Primary Skills:Pyspark Hive Data Engineering Sqoop Cloudera Hadoop Mapreduce
Secondary Skills:Spark Hdfs Python Pig
Job Location:
Bangalore/Bengaluru
Posted Date:
391 days ago
Job Description
Greetings! We are looking for Data Engineer with experience in Python, PYSPARK, Azure, Hadoop Eco system for Bangalore location. Please find the below JD:
Required knowledge, Skills and qualifications:
Knowledge of Python and Pyspark is an absolute must.
Knowledge of Azure, Hadoop 2.0 ecosystems, HDFS, MapReduce, Hive, Pig, Sqoop, Mahout, Spark is important for this role.
Experience with Web Scraping frameworks (Scrapy or Beautiful Soup or similar).

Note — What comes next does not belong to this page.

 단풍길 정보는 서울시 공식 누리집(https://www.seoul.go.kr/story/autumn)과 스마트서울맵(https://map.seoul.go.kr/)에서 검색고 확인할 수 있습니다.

Extensive experience working with Data APIs (Working with REST endpoints and/or SOAP).
Significant programming experience (with above technologies as well as Java, R and Python on Linux).

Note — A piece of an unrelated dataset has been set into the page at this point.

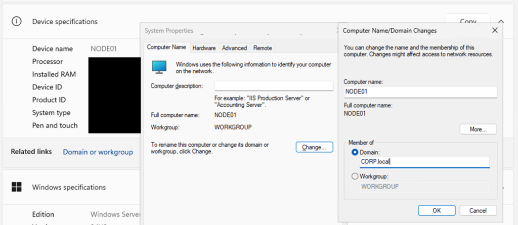 Select Domain or workgroup, then choose Change. Under Member of, enter the domain name (in this example, corp.local).

Knowledge of any commercial distribution application such as Horton Works, Cloudera, MapR etc.
Excellent working knowledge of relational databases, MySQL, Oracle etc.

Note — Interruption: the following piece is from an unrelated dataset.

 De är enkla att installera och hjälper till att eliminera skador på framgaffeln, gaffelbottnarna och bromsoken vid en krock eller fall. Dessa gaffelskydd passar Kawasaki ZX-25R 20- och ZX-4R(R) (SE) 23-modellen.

Experience with Complex Data Parsing (Big Data Parser) a must. Should have worked on XML, JSON and other custom Complex Data Parsing formats.
Natural Language Processing (NLP) skills with experience in Apache Solr, Python a plus.
Knowledge of High-Speed Data Ingestion, Real-Time Data Collection and Streaming is a plus.
Bachelors in computer science or related educational background.
3-5 years of solid experience in Big Data technologies a must.